Input data:

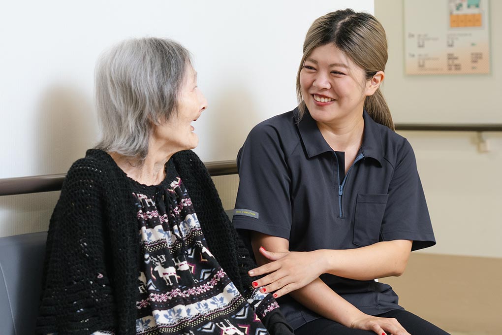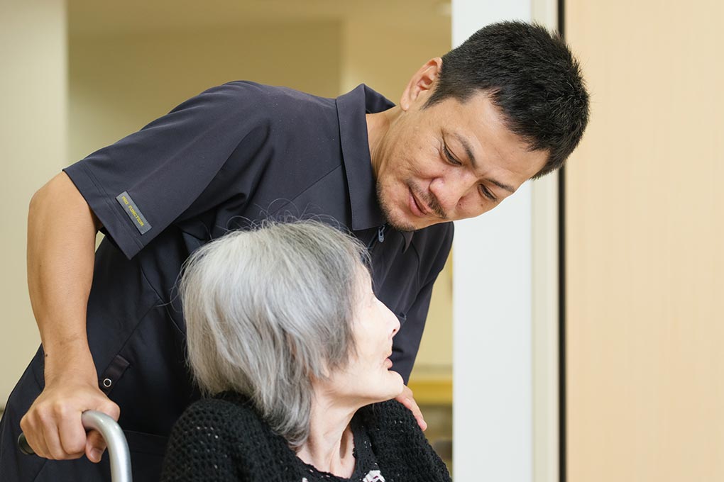 利用者さんとの信頼関係は、一つひとつのケアに心を込めることで生まれます。名前を覚えてもらったり、笑顔を向けてもらえる瞬間は、この仕事ならではの喜び。そして、利用者さんやご家族からの「ありがとう」の一言が、成長を後押ししてくれる原動力です。
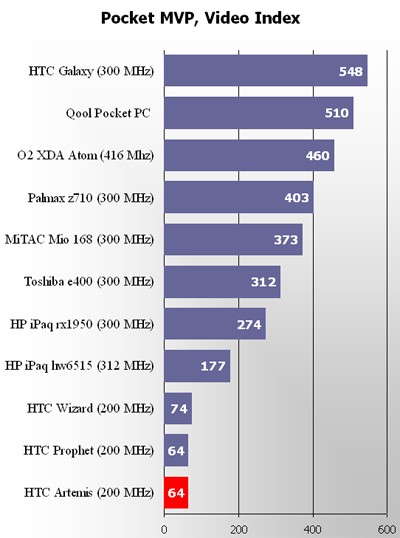 Synchronization is quite speedy (doesn’t affect the total score). We don’t publish the total score here, as it is greatly distorted for Windows Mobile 5.0. We tested out video with The Core Pocket Media Player (former BetaPlayer), the results are as follows. The performance depends mostly on the graphics accelerators and Wireless MMX set, embedded in the latest Intel XScale CPU. 100% performance means the smooth film rendering without dropped frames, but with possible collapses during active scenes.
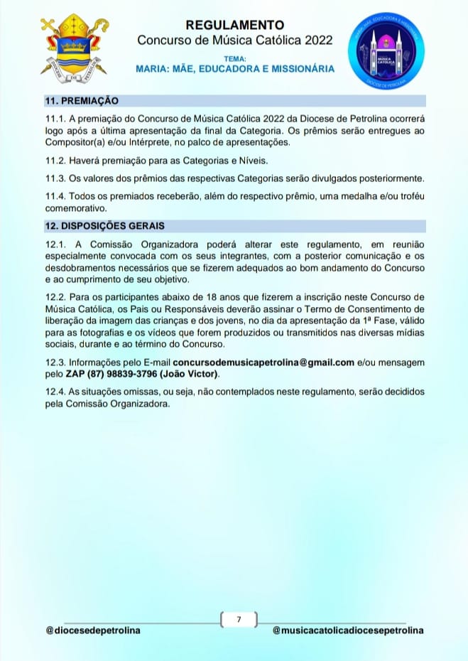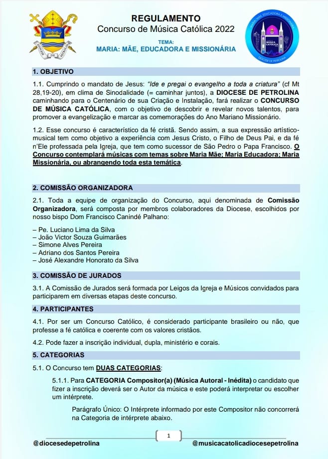 Comissão do Concurso de Música Católica 2022 divulga Regulamento Oficial
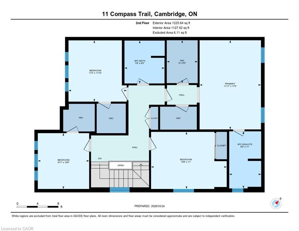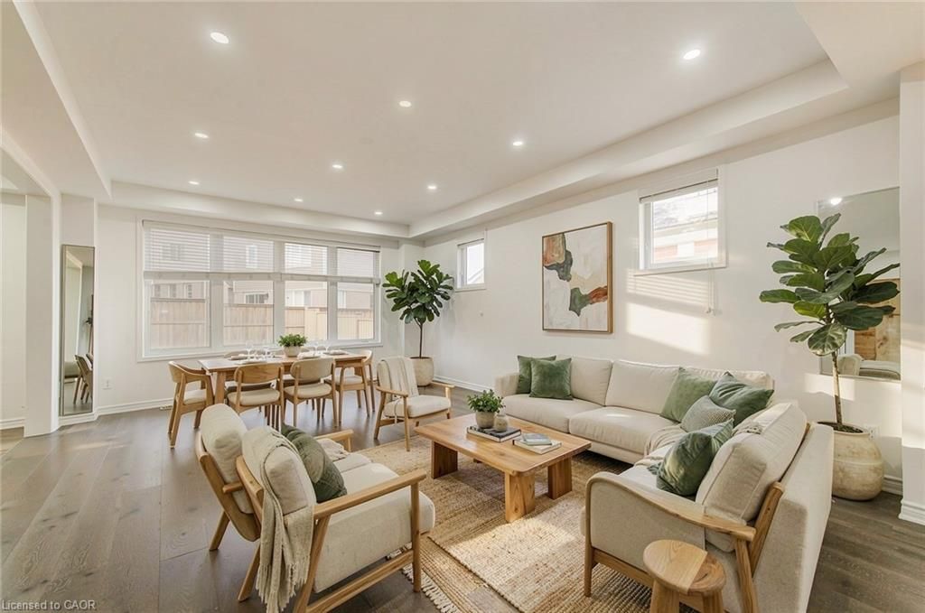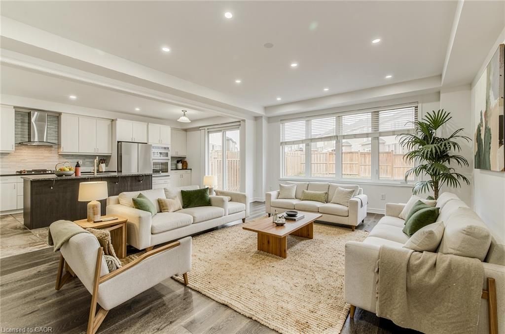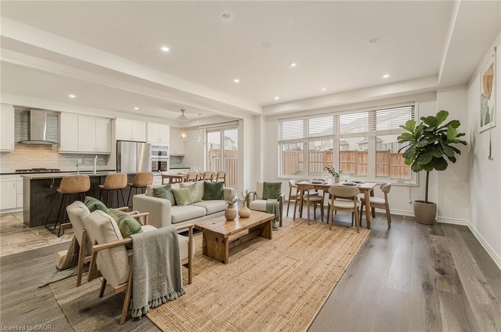 Welcome to 11 compass trail, a beautifully upgraded detached home offering exceptional interior finishes and a thoughtfully designed layout for modern living. The bright open-concept main floor features spacious living and dining areas, 9-foot ceilings, hardwood flooring, interior and exterior pot lights, and a convenient 2 piece bathroom. The upgraded chef's kitchen is complemented by a walk-in pantry, ideal for everyday living and entertaining. Elegant wood stairs with iron railings lead to the second level, where you'll find four generously sized bedrooms and two well-appointed bathrooms with cultured marble counters. The primary bedroom retreat boasts a luxurious ensuite and multiple walk-in closets. Situated on a premium 36 x 108 ft lot, this home features a fully fenced backyard, double car garage, and parking for four vehicles. Enjoy a rare setting fronting onto protected green space with a flowing river stream, scenic views, nearby pond, nature trails, and parks, all while being ideally located in a prime cambridge neighborhood close to major amenities and highways. A perfect blend of luxury, nature, and convenience. The home is freshly painted and ready to move in, book your showing today!
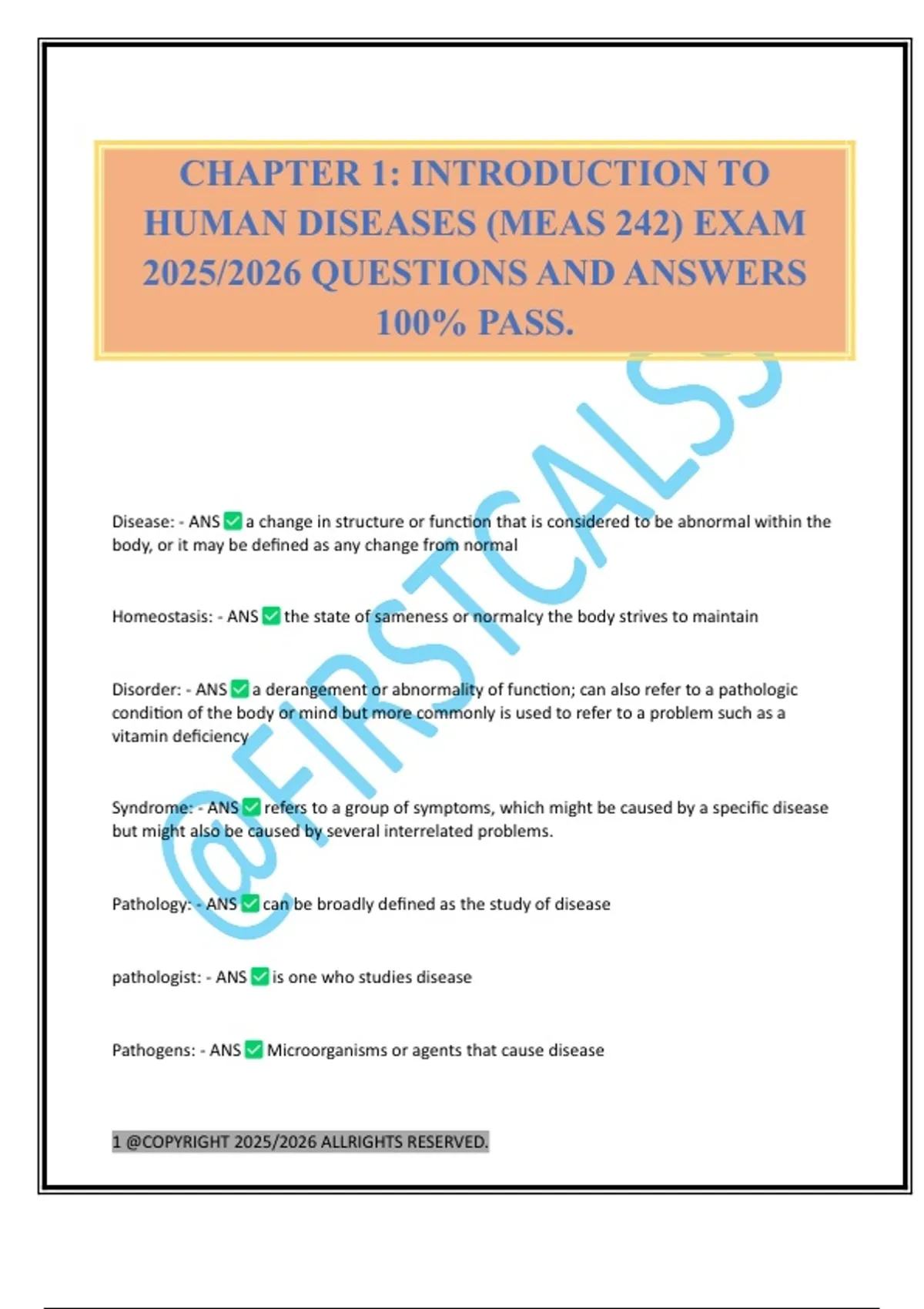 HUMAN DISEASES (MEAS 242) EXAM

Aim of the task:
Using the data above, print only the lines starting at the one with "Synchronization is quite" and ending at the one with "Comissão do Concurso", exactly as they stand, minus the pictures.

Your response:
 Synchronization is quite speedy (doesn’t affect the total score). We don’t publish the total score here, as it is greatly distorted for Windows Mobile 5.0. We tested out video with The Core Pocket Media Player (former BetaPlayer), the results are as follows. The performance depends mostly on the graphics accelerators and Wireless MMX set, embedded in the latest Intel XScale CPU. 100% performance means the smooth film rendering without dropped frames, but with possible collapses during active scenes.
 Comissão do Concurso de Música Católica 2022 divulga Regulamento Oficial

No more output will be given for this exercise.